Discussion in 'Tesla, Inc.' started by ZeApelido, Jul 5, 2017.

  1. ZeApelido

    ZeApelido Member

    Jun 1, 2016
    The Peninsula, CA
    I am familiar with some folks to converse with some people in Panasonic upper management - they seem to boast they are leading most of the technology behind the batteries going into Tesla products. Obviously they are a big contributor in both technology and investment in the Gigafactory, so what is Tesla's contribution? I assume Tesla has contributed to some innovation to the batteries, but I'm not sure who's done what.
    • Like x 2
  2. jbcarioca

    jbcarioca Active Member

    Feb 3, 2015
    Good question. I'll wager there has been good work by both. They both appear quite satisfied with each other, which argues for mutual support. Jeff dawn is contracted to Tesla and JB has made a good many battery pronouncements. I'll speculate that Panasonic is devoted to cell production technology and Tesla more oriented to battery pack and BMS issues, while they probably both have a fair amount of chemistry and performance contributions.

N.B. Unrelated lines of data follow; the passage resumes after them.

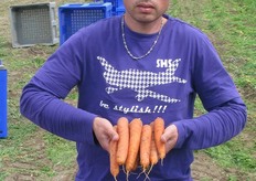 Dott. Giuseppe Brafa dell'azienda Colle d'Oro con un mazzo di carote Natuna F1.
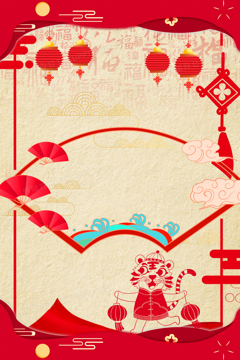 本作品内容为传统春节喜庆虎年边框背景, 格式为 psd, 大小19 MB, 图片尺寸为1181 x 1772, 作品中背景图片无需修改, 源文件无水印,可以直接使用, 欢迎使用熊猫办公。 如认为平台内容涉嫌侵权,可通过邮件:tousu@tukuppt.com提出书面通知,我们将及时处理。
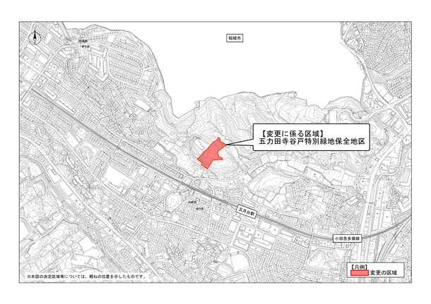 本案のうち、「五力田寺谷戸特別緑地保全地区」は、麻生区五力田の市街化調整区域内に位置し、広域的な緑のネットワークを形成する多摩丘陵を構成する緑地となっています。また、当地区は周辺の里地景観を構成する要素の1つとして、優れた景観を形成するとともに、多様な動植物の生育・生息空間となっています。以上のことから、都市緑地法第12条第1項第3号ロに該当し、かつ、住民の健全な生活環境を確保するために必要なものとして、区域を変更するものです。
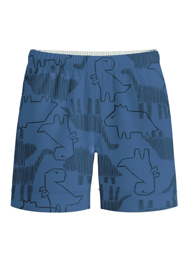 Malwee Kids - Bermuda Dinossauros em Microfibra Azul Escuro

    Some years back Tesla seemed to be the preeminent BMS expert, with cell-level QC,monitoring and history. Nothing makes me think they are anything else today. Nobody else has produced the volumes of cells that Panasonic has done.

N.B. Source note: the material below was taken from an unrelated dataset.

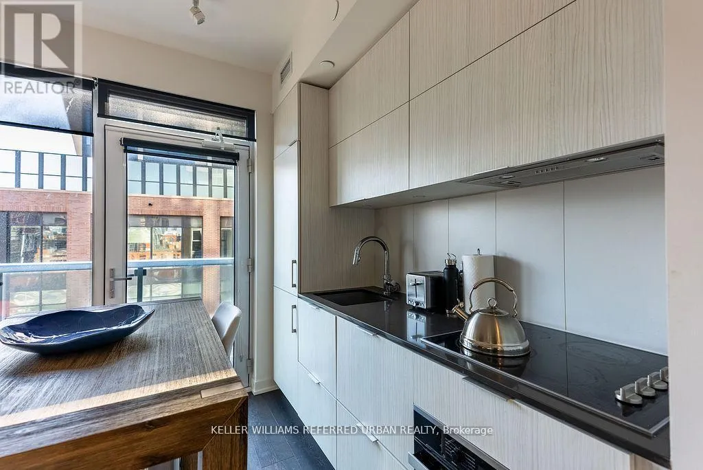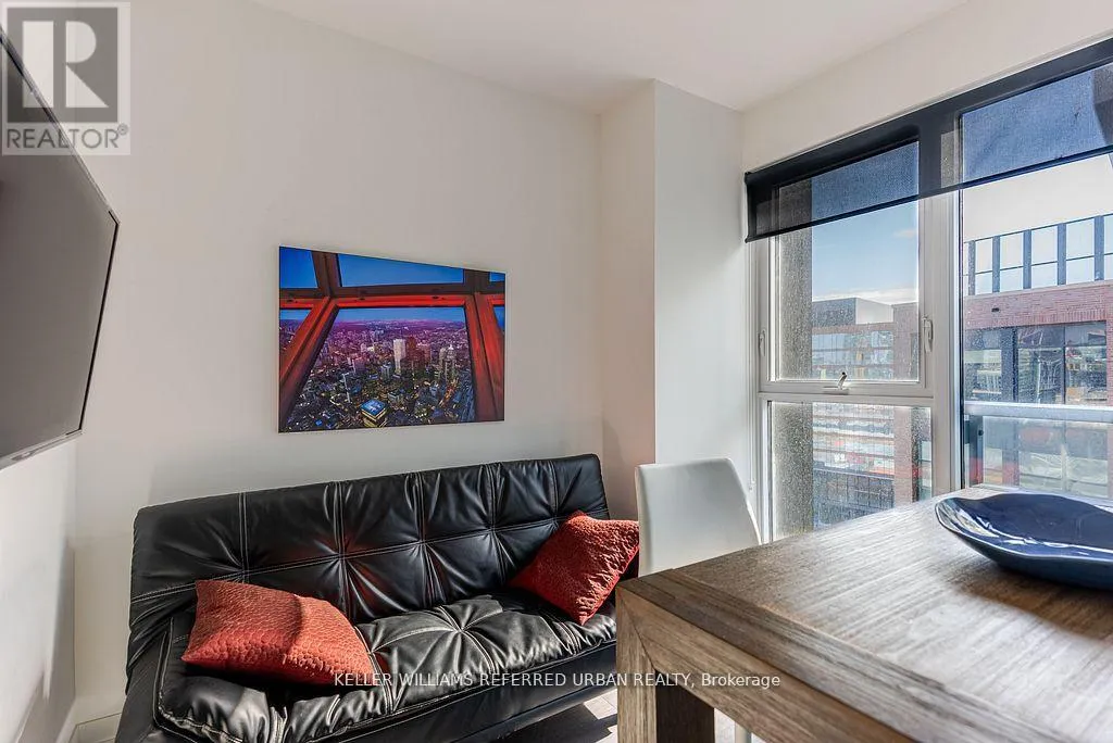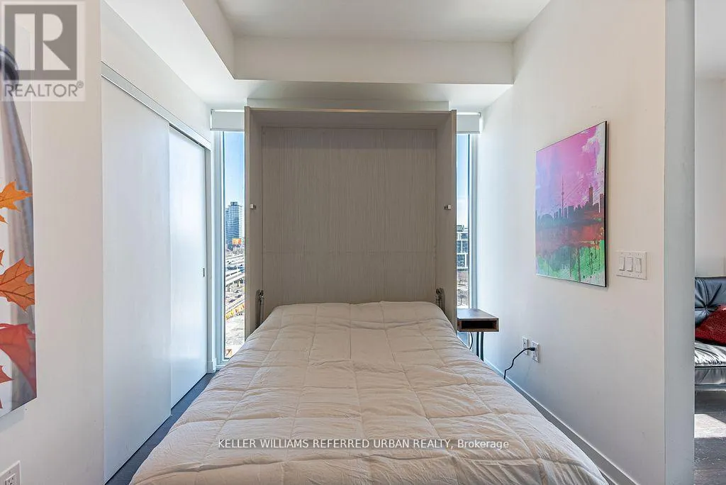 Queens Quay & Lower Jarvis Fully Furnished Daniels Lighthouse Tower East - Alumni Collection Experience upscale living in this upgraded Junior 1-bedroom suite (The Humber Model), featuring a double European bed frame. This stylish unit includes a locker, roller blinds, a wall-mounted T.V., an island bar with two stools, plus dishes, utensils, decorative pictures, and a mirror. Enjoy stunning south-facing views and close proximity to Sugar Beach and St. (id:27476)

    I really would like to know the answers to your question.
    • Like x 2
  3. Fallenone

    Fallenone Active Member

    Oct 13, 2015
    Reno, NV
    On the cell level, I would say at least for the 18650, Panasonic deserves most of the credits. Tesla's % contribution to the 2170 should be higher.

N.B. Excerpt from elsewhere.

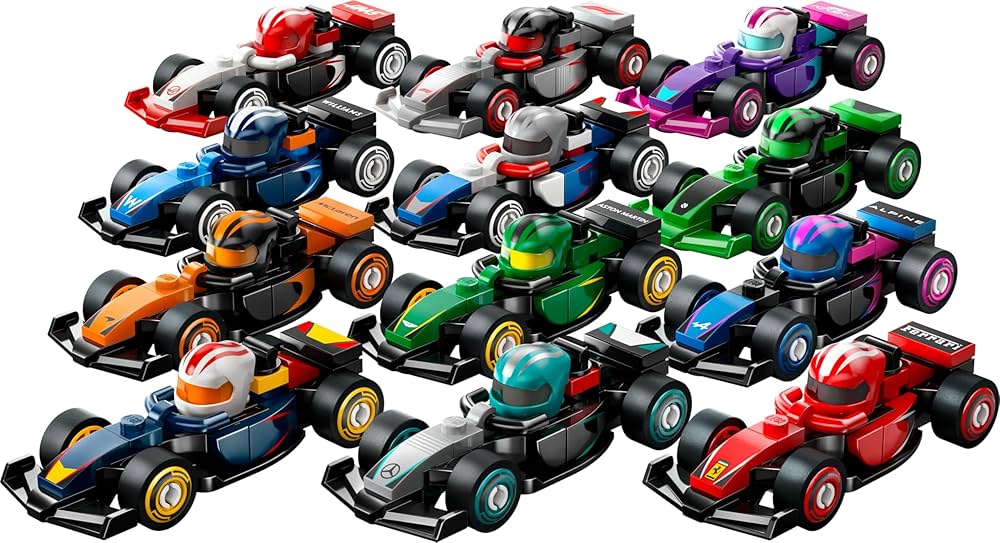 Rev up your collection with the complete Pack of 12 F1 Collectible Race Cars (set 71049). Each of the 12 mystery vehicle kits includes a micro F1 race car in official team liveries, a cockpit with a helmet, functioning wheels, and unique printed pieces. Designed for ages 6+, these quick-to-build minis (29 pieces each) make an excellent gift, collectors item, or addition to LEGO city layouts and Speed Champions displays. Released May 2025 as part of the LEGO Collectible Minifigures line .

    On pack level, I think it's mostly Tesla.
    • Like x 2
  4. AEdennis

    AEdennis Active Member

    Jul 23, 2013
    That's a great way to sum it up @Fallenone.

    I was going to say that considering how vertically integrated Tesla is. To have a supplier like Panasonic continue to be a partner wi Tesla as long as they've been is a testament to their bonds as organizations.
  5. SageBrush

    SageBrush 2018: Drain the Sewer

    May 7, 2015
    I may be wrong, but I have the impression that Tesla IP does not propagate outside of the partnership while Panasonic IP does and is non-exclusive. This implies that to the extent that Panasonic OEM battery products are inferior to Tesla, the difference is Tesla IP.
  6. techmaven

    techmaven Active Member

    Feb 27, 2013
    I would assume almost all at the cell level is Panasonic. Tesla makes some minor adjustments and selects the Panasonic technologies. The pack integration is all Tesla, which includes the module level and the battery management system. And the choice of using this particular chemistry supplied by Panasonic is on Tesla. Other automakers are unwilling thus far to make the same choices as Tesla at cell and at the pack level for a variety of reasons. And they likely will continue to avoid Tesla's choices in the foreseeable future, hoping that cell level advancements will negate the need to do what Tesla does at the pack level in order to mitigate the issues at the cell level.
  7. ElectricTundra

    ElectricTundra P85D AP1

    Feb 5, 2015
    #7 ElectricTundra, Jul 7, 2017
    Last edited: Jul 7, 2017
    My understanding from folks at 3M who worked with Jeff Dahn's group @ Dalhousie... 18650 was primarily Panasonic (and others as it's fairly standardized) though Tesla made some changes to the chemistry. Some of these changes likely go back to around 2004.

    2170 was a joint effort. Development was led by Tesla but had input from both. Tesla likely had more input on size, stack, and chemistry while Panasonic likely had greatest input on manufacturability.

    Pack and BMS design has been led by Tesla with a lot of input from Panasonic.

    As to credit. Neither entity, unless you include Dahn, can claim credit for Li-ion. Panasonic did advance Li-ion and some of that may be why Tesla choose Panasonic to work with though it also could have been that Panasonic appeared the easiest to work with. Tesla likely deserves credit for the idea of using these cells in a car, some chemistry changes, and development of the packs & BMS? My guess is that Tesla also deserves credit for the 2170 though its design had input from a lot of individuals from Tesla, Panasonic, Dalhousie, 3M, and elsewhere.